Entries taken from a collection
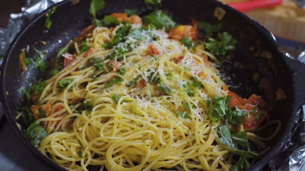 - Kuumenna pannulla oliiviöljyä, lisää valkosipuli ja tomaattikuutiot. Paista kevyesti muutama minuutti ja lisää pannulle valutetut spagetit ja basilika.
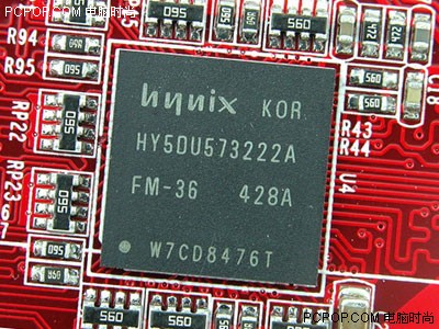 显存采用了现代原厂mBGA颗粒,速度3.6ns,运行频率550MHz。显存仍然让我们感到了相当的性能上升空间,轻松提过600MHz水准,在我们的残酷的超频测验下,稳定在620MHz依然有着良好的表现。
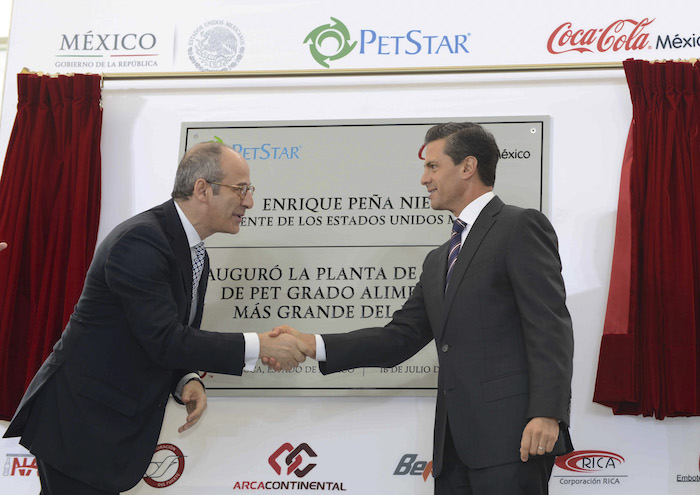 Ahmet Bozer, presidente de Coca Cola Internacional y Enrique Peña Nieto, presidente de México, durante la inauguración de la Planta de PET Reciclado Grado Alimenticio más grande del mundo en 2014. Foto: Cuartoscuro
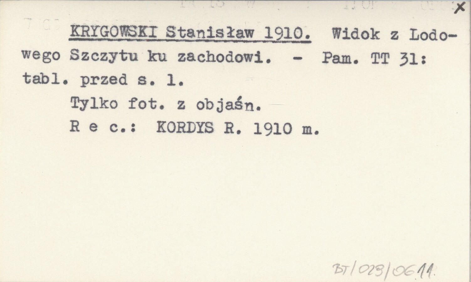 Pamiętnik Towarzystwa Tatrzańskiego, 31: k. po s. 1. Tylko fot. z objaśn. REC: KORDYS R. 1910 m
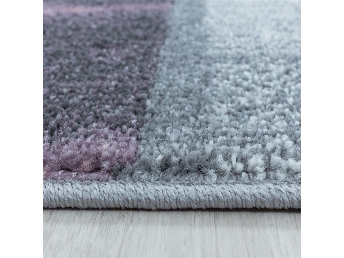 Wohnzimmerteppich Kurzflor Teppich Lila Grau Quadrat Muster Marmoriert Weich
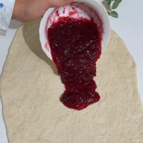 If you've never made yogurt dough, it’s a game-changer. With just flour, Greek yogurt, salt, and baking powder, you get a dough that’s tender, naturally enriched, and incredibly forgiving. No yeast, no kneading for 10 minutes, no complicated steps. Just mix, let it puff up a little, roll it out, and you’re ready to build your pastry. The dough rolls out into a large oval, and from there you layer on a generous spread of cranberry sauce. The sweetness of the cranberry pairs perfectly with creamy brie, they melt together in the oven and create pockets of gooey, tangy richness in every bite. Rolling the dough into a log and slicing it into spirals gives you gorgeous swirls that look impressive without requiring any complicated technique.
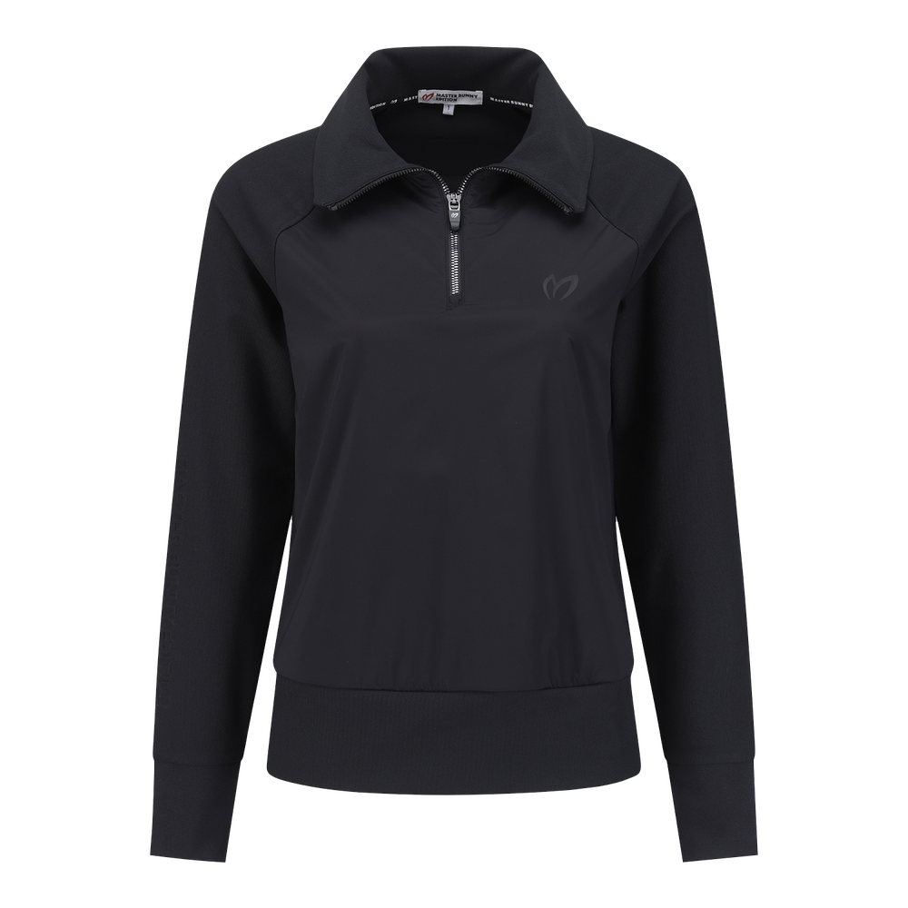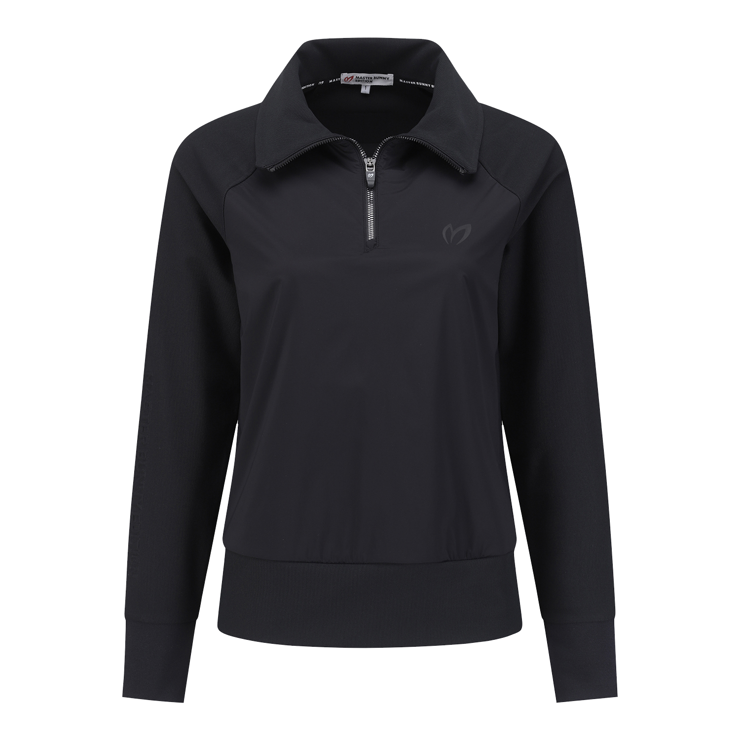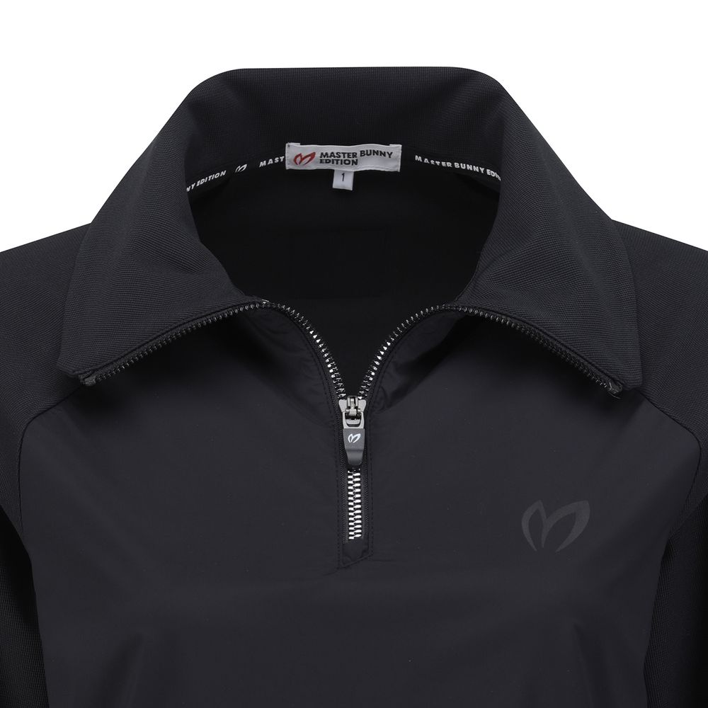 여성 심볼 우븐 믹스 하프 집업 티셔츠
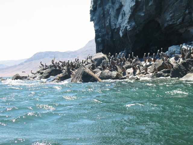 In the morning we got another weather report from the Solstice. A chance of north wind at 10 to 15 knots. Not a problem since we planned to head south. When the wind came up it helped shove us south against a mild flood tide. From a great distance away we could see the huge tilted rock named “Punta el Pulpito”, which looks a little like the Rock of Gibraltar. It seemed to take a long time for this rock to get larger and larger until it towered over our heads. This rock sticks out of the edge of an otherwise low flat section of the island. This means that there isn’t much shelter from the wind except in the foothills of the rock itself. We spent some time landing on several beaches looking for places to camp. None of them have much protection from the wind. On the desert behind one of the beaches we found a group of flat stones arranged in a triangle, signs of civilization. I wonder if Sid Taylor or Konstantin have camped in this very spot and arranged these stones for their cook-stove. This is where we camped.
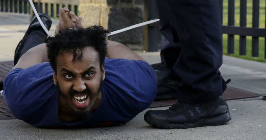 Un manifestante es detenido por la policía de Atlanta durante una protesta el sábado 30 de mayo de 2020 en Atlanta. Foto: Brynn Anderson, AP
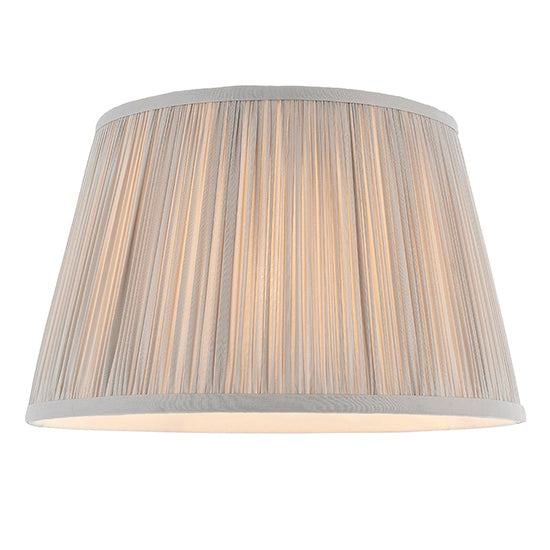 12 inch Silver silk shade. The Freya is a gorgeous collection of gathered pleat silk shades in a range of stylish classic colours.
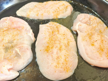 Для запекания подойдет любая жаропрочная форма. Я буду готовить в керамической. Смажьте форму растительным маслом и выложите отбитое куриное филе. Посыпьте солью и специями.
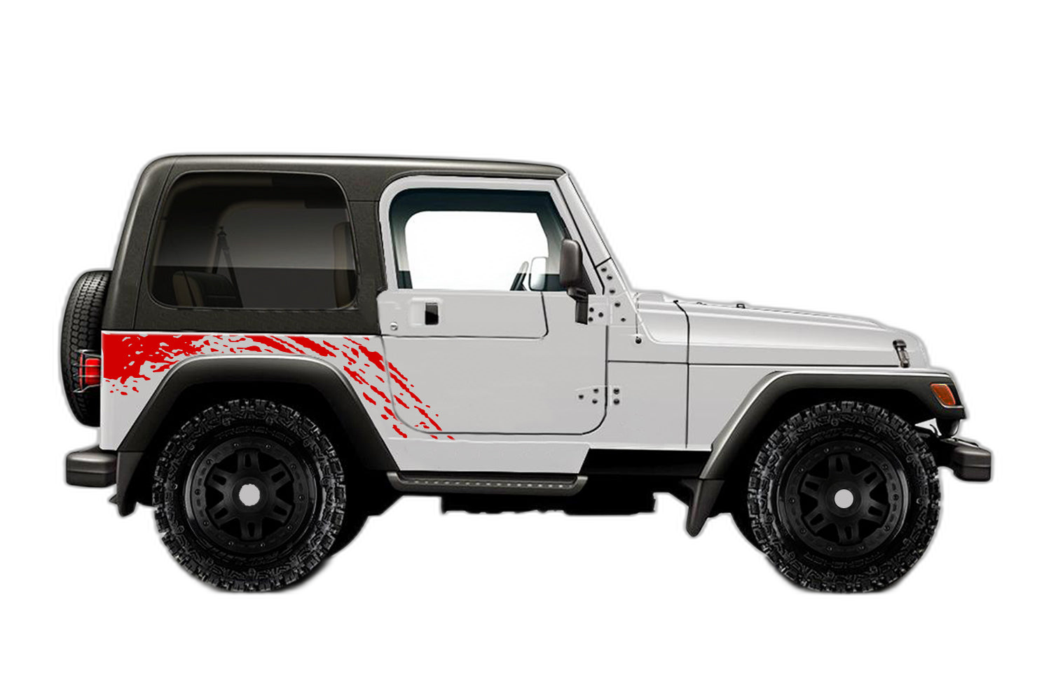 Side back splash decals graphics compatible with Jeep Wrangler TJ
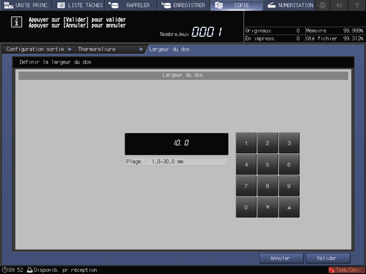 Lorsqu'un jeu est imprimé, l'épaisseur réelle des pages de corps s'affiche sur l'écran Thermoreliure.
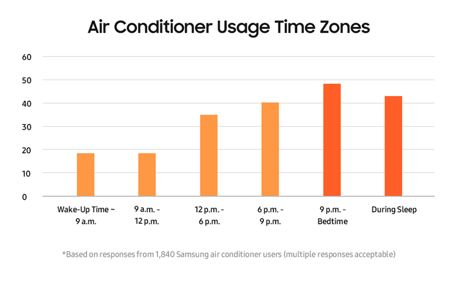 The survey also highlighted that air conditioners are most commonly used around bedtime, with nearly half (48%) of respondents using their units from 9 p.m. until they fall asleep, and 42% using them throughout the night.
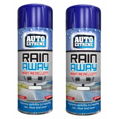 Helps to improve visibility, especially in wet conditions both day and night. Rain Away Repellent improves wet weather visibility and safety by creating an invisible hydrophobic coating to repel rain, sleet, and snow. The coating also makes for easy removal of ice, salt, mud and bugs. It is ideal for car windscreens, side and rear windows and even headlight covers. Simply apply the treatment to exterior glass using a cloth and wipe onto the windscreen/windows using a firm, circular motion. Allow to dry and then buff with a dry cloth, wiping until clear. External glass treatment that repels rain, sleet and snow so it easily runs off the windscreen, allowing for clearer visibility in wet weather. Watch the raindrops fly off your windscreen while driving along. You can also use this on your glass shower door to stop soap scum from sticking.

**Problem requirements:**
Only the lines from the first line of the entries through the line containing "여성 심볼 우븐 믹스 하프 집업 티셔츠" should be output, exactly as they are, without pictures.

**Answer:**
 - Kuumenna pannulla oliiviöljyä, lisää valkosipuli ja tomaattikuutiot. Paista kevyesti muutama minuutti ja lisää pannulle valutetut spagetit ja basilika.
 显存采用了现代原厂mBGA颗粒,速度3.6ns,运行频率550MHz。显存仍然让我们感到了相当的性能上升空间,轻松提过600MHz水准,在我们的残酷的超频测验下,稳定在620MHz依然有着良好的表现。
 Ahmet Bozer, presidente de Coca Cola Internacional y Enrique Peña Nieto, presidente de México, durante la inauguración de la Planta de PET Reciclado Grado Alimenticio más grande del mundo en 2014. Foto: Cuartoscuro
 Pamiętnik Towarzystwa Tatrzańskiego, 31: k. po s. 1. Tylko fot. z objaśn. REC: KORDYS R. 1910 m
 Wohnzimmerteppich Kurzflor Teppich Lila Grau Quadrat Muster Marmoriert Weich
 If you've never made yogurt dough, it’s a game-changer. With just flour, Greek yogurt, salt, and baking powder, you get a dough that’s tender, naturally enriched, and incredibly forgiving. No yeast, no kneading for 10 minutes, no complicated steps. Just mix, let it puff up a little, roll it out, and you’re ready to build your pastry. The dough rolls out into a large oval, and from there you layer on a generous spread of cranberry sauce. The sweetness of the cranberry pairs perfectly with creamy brie, they melt together in the oven and create pockets of gooey, tangy richness in every bite. Rolling the dough into a log and slicing it into spirals gives you gorgeous swirls that look impressive without requiring any complicated technique.
 여성 심볼 우븐 믹스 하프 집업 티셔츠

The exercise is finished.